Print the lines below from the line with "对于通用景观等人工精模,导入" to the line with "blade release system." exactly, keeping both ends, and print no pictures.
┌──
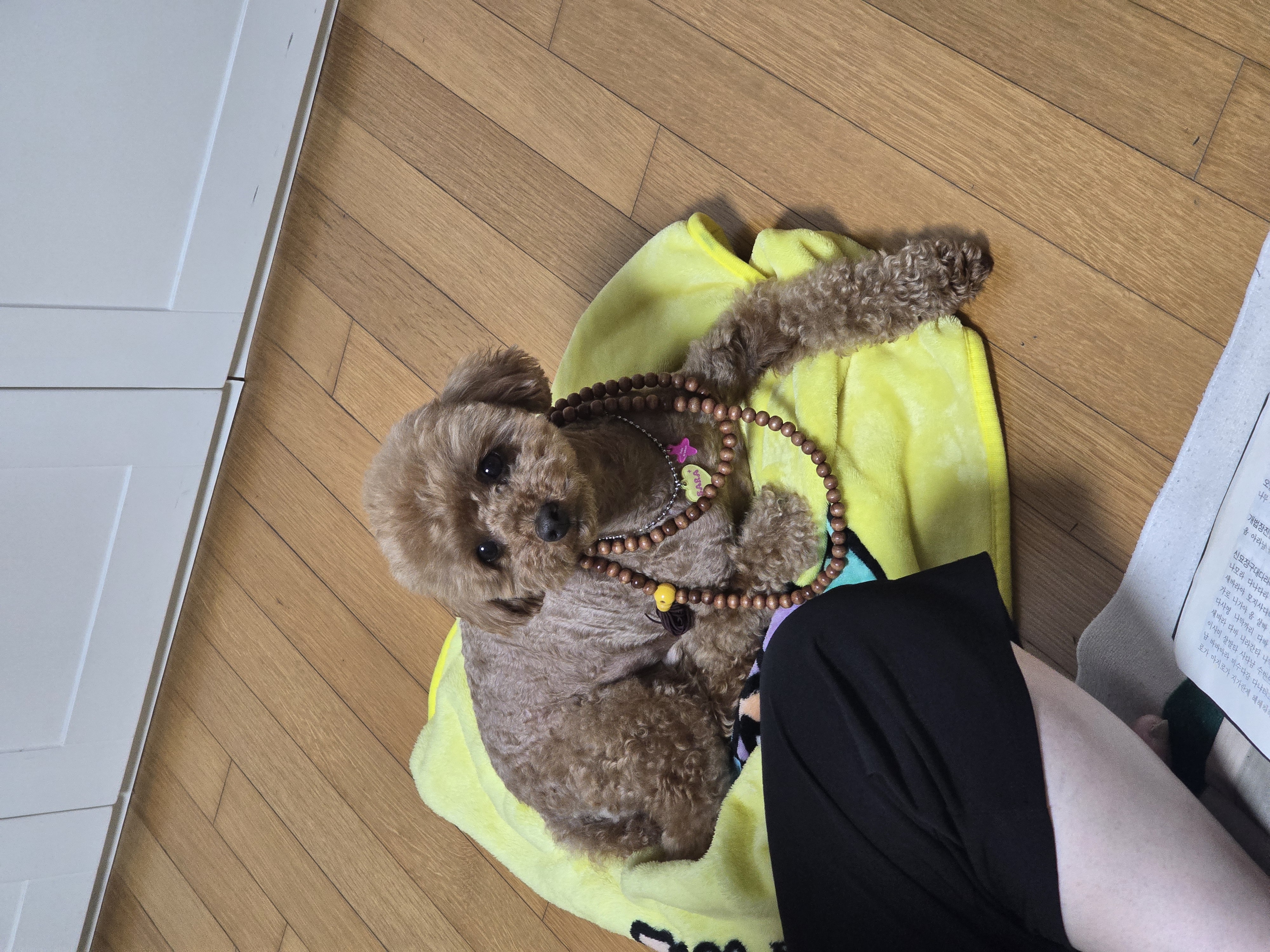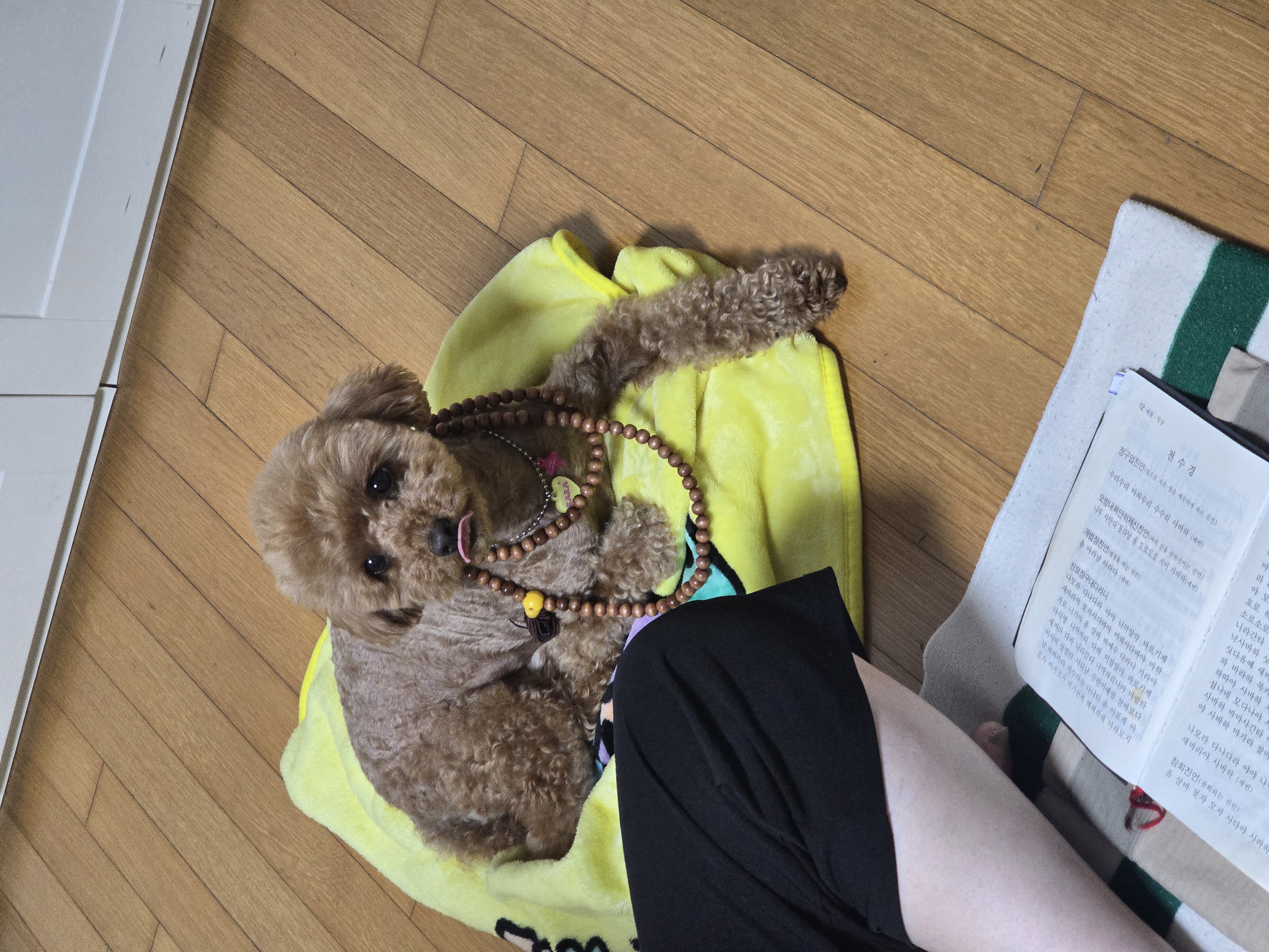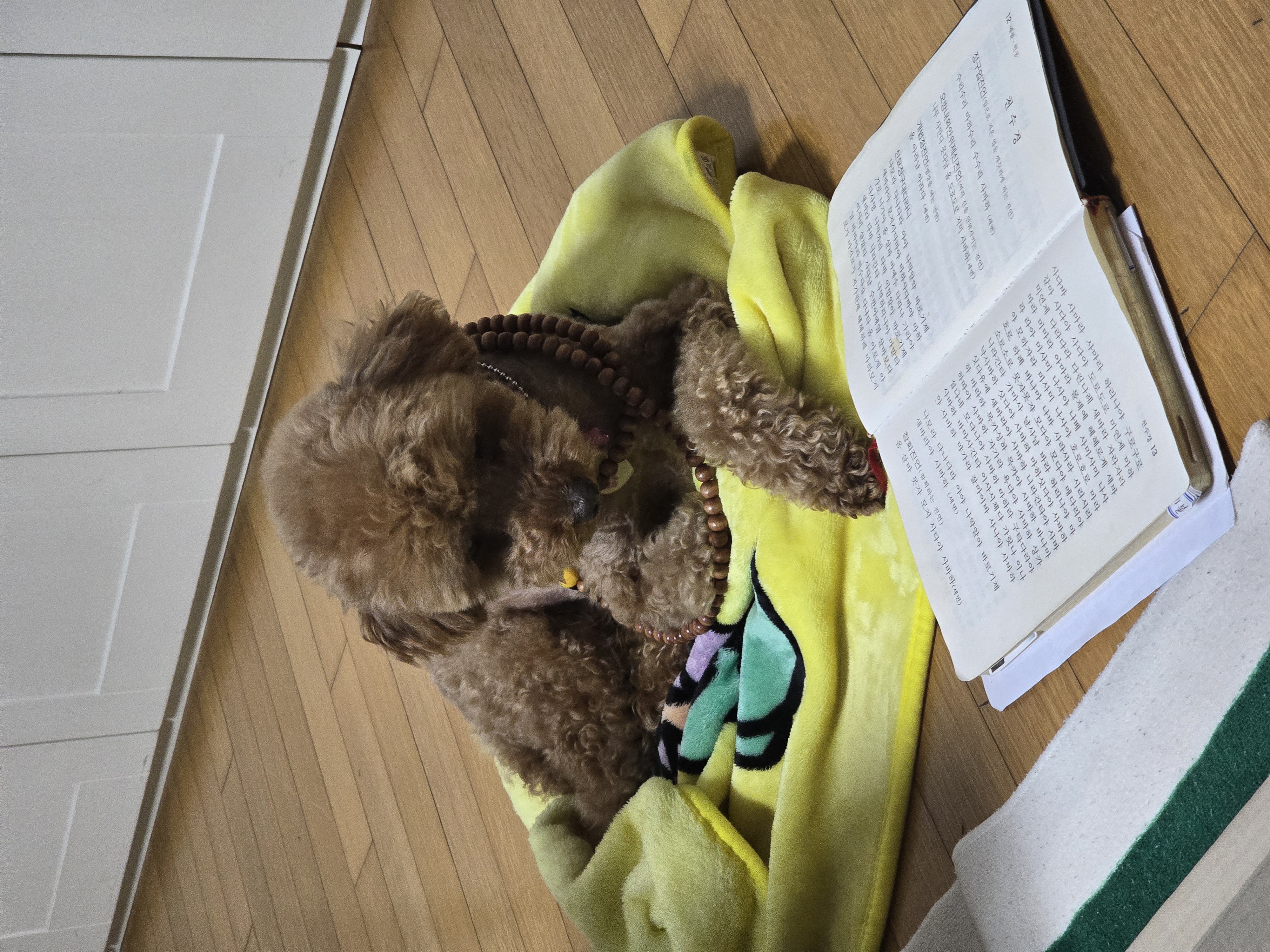 불교집안 강쥐답게 기도하는 엄마 옆에서 염주 두르고 경전을 읽고 있네요😂
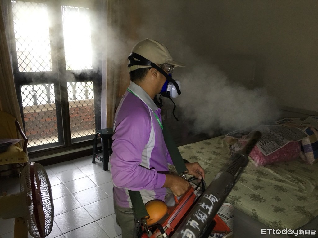 ▲台南市8月12日發現1例自泰國返國民眾,登革熱快篩及IgM抗體皆呈陽性反應,為保護社區民眾健康,市府進行噴藥作業。(圖/記者林悅翻攝)
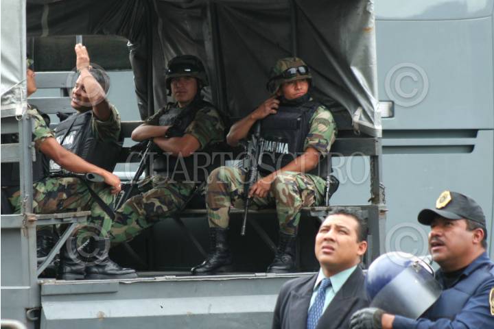 MÉXICO, D.F. 02SEPTIEMBRE2007.- Simpatizantes de Andrés Manuel López Obrador se manifestaron afuera de Palacio Nacional, fueron rodeados por granaderos mientras el presidente Felipe Calderón Hinojosa rendía su informe a la nación. FOTO:PAOLA HIDALGO/CUARTOSCURO.COM
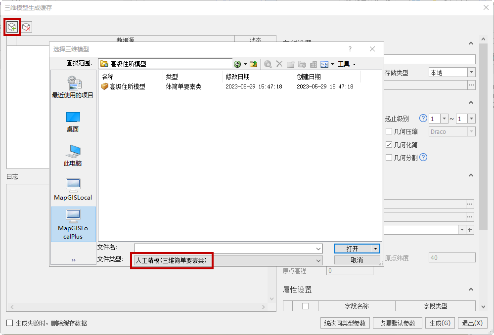 对于通用景观等人工精模,导入到MapGIS GDB中后,可生成三维面/体简单要素类。通过此工具,可将人工精模数据转换为M3D缓存数据。
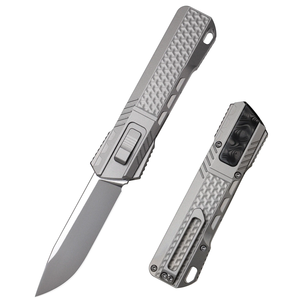 • RT-Sharp Leopard Titanium, Manual Fine Grinding Pearlescent/Manual Wire Drawing compact EDC folder from the young Remette Knives manufactory. OTF with a blade that extends due to the force of gravity. Titanium Handle with innovative blade release system.
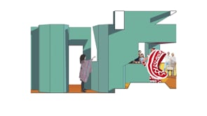 Beginning with filming a hallway, I chose to analyze changes in hard light and soft light using two dimensional and three dimensional mediums. Then I created series of fragment cube forms, using figures from my 3D analysis to create the shapes of the apertures. I arranged these forms on my site to create a space for a dressmaker to create dresses, a space for people to model the dresses, and viewing spaces for visitors to observe the dressmaking process and the models.
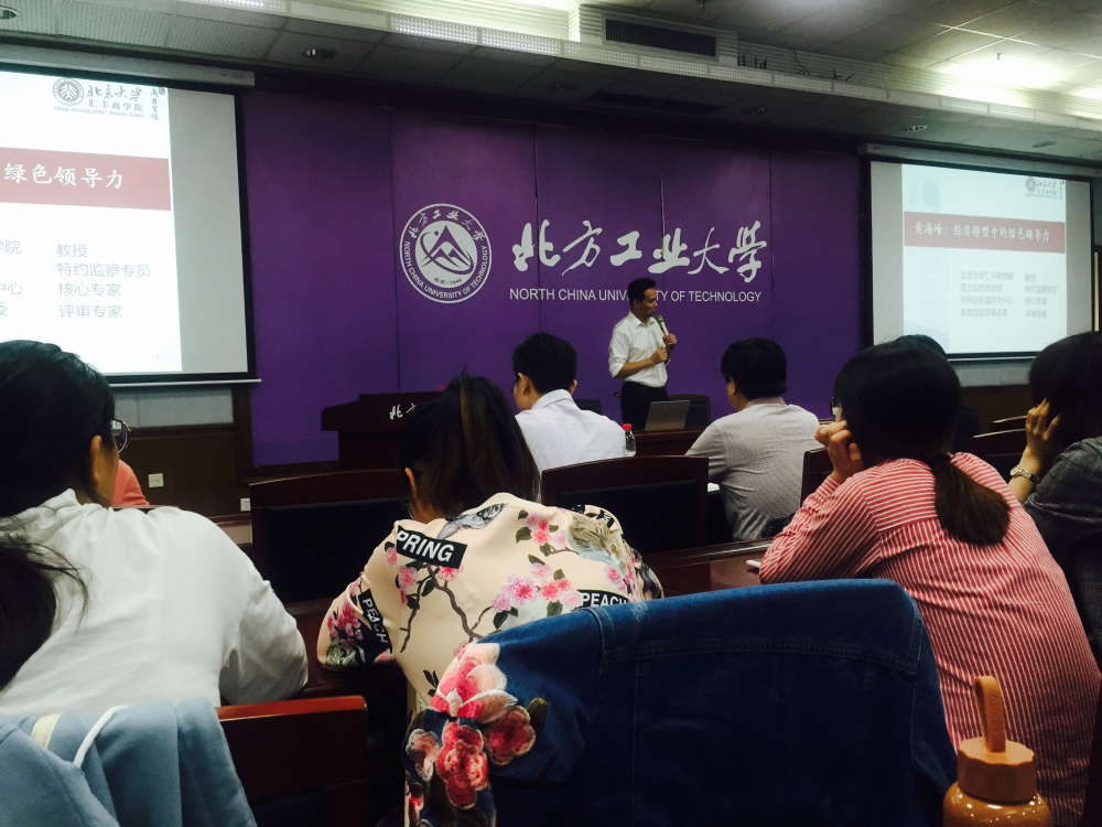 2018年9月12日18时,北京大学汇丰商学院黄海峰教授应邀在太阳成集团tyc151cc浩学楼15楼报告厅做题为“经济转型与绿色领导力”的报告,报告会由太阳集团tyc151cc谢朝阳书记主持。
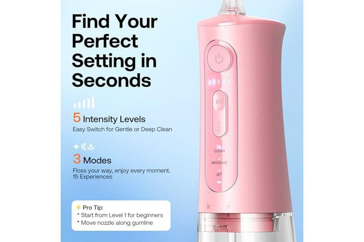 Cleaning Options for Comprehensive Oral Care: Featuring 3 modes and 5 intensity settings, our product caters to gentle, sensitive cleaning or deep, powerful cleansing for a personalized experience, promoting gum health, fresh breath, and bright smiles
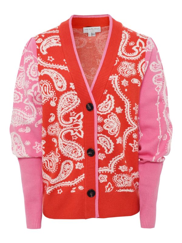 The Never Fully Dressed Bandana Martha Cardigan reinterprets a paisley bandana motif into a knitted cardigan with a relaxed V-neck and front button fastening. It features voluminous sleeves that gather into long ribbed cuffs and ribbed trims at the hem and placket for a neat finish. The jacquard intarsia pattern extends across the body and sleeves for a coordinated look; style it over simple tees or with the matching trousers for an outfit tie-in.
└──
Worked solution.
 对于通用景观等人工精模,导入到MapGIS GDB中后,可生成三维面/体简单要素类。通过此工具,可将人工精模数据转换为M3D缓存数据。
 • RT-Sharp Leopard Titanium, Manual Fine Grinding Pearlescent/Manual Wire Drawing compact EDC folder from the young Remette Knives manufactory. OTF with a blade that extends due to the force of gravity. Titanium Handle with innovative blade release system.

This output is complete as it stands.